Jumat, 20 Juli 2018 | 03:52 WIB
 

Penyelam Tewas Saat Operasi 12 Remaja di Gua

Oleh : - | Jumat, 6 Juli 2018 | 14:17 WIB
Penyelam Tewas Saat Operasi 12 Remaja di Gua
(Foto: REUTERS/Soe Zeya Tun)

INILAHCOM, Chiang Rai--Seorang mantan penyelam Angkatan Laut Thailand meninggal dalam upaya penyelamatan 12 remaja dan seorang pelatih sepakbola yang terjebak dalam gua, Jumat (6/7/2018), dini hari, demikian laporan BBC.

Saman Gunan, yang berusia 38 tahun, hilang kesadaran lalu tenggelam saat hendak ke luar dari Gua Tham Luang setelah mengirim pasokan perbekalan untuk kelompok remaja tersebut.

"Mantan anggota pasukan katak yang secara sukarela bergabung dengan tim penyelamat tewas sekitar pukul dua dini hari," ujar Wakil Gubernur Chiang Rai, Passakorn Boonyaluck.

Setelah sempat berdinas di Angkatan Laut dan mencapai pangkat sersan mayor, Gunan mengundurkan diri dari kemiliteran namun kembali bergabung dengan mantan rekan-rekannya untuk operasi SAR di Tham Luang.

Gunan diklaim sebagai pelari dan peseda aktif setelah mundur dari dinas militer.

"Tugasnya adalah mengirim oksigen. Sayangnya dia tidak membawa cukup oksigen untuk dirinya sendiri saat ke luar gua," kata otoritas tim penyelamat.

Sekitar 1.000 orang terlibat dalam operasi penyelamatan 12 orang di dalam gua yang banjir tersebut, baik itu dari penyelam Angkatan Laut Thailand, tentara dari matra lainnya, serta sukarelawan yang berstatus warga sipil.

Kematian Gunan memperkuat prediksi soal bahaya yang membayangi upaya penyelamatan itu.

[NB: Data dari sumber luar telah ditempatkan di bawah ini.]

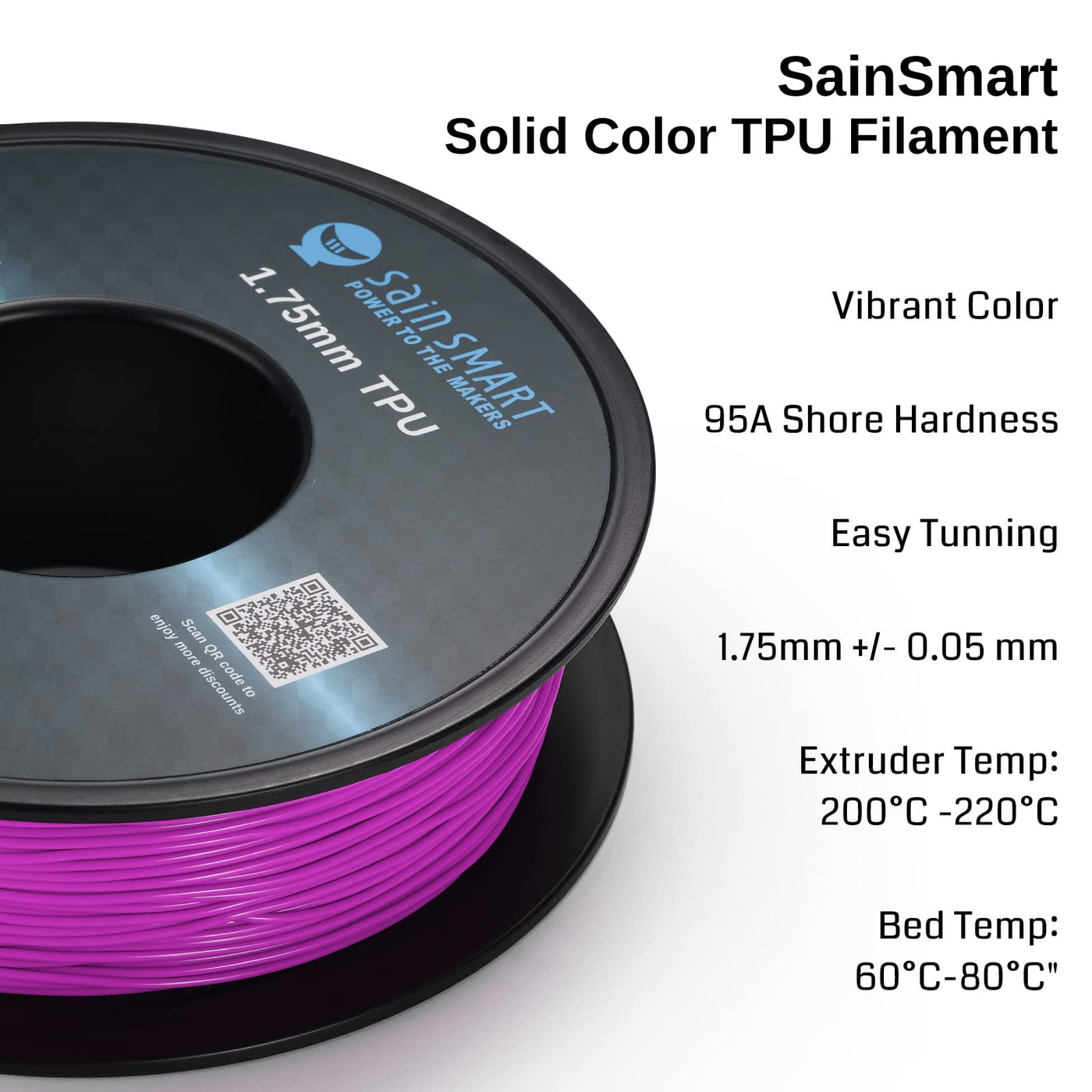 Specification-Material: Rep-Flex Tpu - Vacuumed Sealed With Desiccant-Shore Hardness: 95A-Weight: 800G Per Spool-Diameter: 175Mm (+- 005Mm) Printing Tips:-While Using Tpu Filament, A Direct Drive Extruder Is Recommended In That It Can Produce Parts Of Higher Quality And Avoid Jamming A Bowden Extruder Can Also Achieve Decent Print Quality, But It Requires Proper Setting And Calibration-Recommended Extruder Temperature:195 - 230Ac-Recommended Platform Temperature: 40 - 60Ac-Nozzle Diameter: 04-08Mm-Printing Speed: 15-30Mms-Please Remember To Clean The Extruder Nozzle Before Loading This Filament To Avoid Jamming-If You Have Problems While Printing, Please Try To Slow Down The Printing Speed And Adjust The Temperature If Both Attempts Fail, Please Feel Free To Contact Our Support Whats In The Package Sainsmart Tpu Flexible Filament 175Mm 800G X 1Sainsmart Tpu Profiles (Cura & Simplyif3D):Https:Bitly31Ln1Tb

Namun Komandan Pasukan Katak Thailand, Apakom Yookongkaew, menyebut timnya tetap percaya diri dapat membawa seluruh korban ke luar dari gua.

Ketika ditanya tentang peluang para korban yang tak memiliki kemampuan menyelam untuk ke luar dari gua, Apakom menyatakan timnya akan bertindak sangat hati-hati.

Sebanyak 12 remaja yang hilang di Thuam Luang berusia antara 11 hingga 16 tahun. Adapun, pelatih yang turut hilang bersama mereka berumur 25 tahun.

Bagaimanapun, saat ini otoritas lokal mengkhawatirkan kurangnya kadar oksigen di ceruk gua, tempat para para remaja itu terperangkap.

Gubernur Chiang Rai, Narongsak Osotthanakorn, menyebut tingkat oksigen semakin menurun seiring semakin banyaknya penyelamat yang beraktivitas di dalam gua.

Tim SAR kini mengupayakan memasukkan kabel sepanjang lima kilometer ke dalam ceruk gua untuk memasok oksigen bagi para korban, yang berlindung di gundukan di atas permukaan air.

Sekelompok remaja dan pelatih sepak bola itu ditemukan dua penyelam Inggris Senin lalu atau sembilan hari sejak mereka pertama kali memasuki gua.

Mereka diduga terjebak di antara air yang meninggi akibat hujan lebat.

Para korban dilaporkan berada dalam kondisi fisik yang prima dan secara rutin mendapat pasokan pangan maupun obat-obatan.

Tim penyelamat masih mencari jalan terbaik untuk mengeluarkan mereka dari gua yang kini terendam air sementara ada kekhawatiran hujan akan turun lagi.

Jika permukaan air meninggi, para anak dan remaja itu -yang berusia antara 11 tahun hingga 16 tahun- bersama pelatihnya harus belajar menggunakan peralatan selam.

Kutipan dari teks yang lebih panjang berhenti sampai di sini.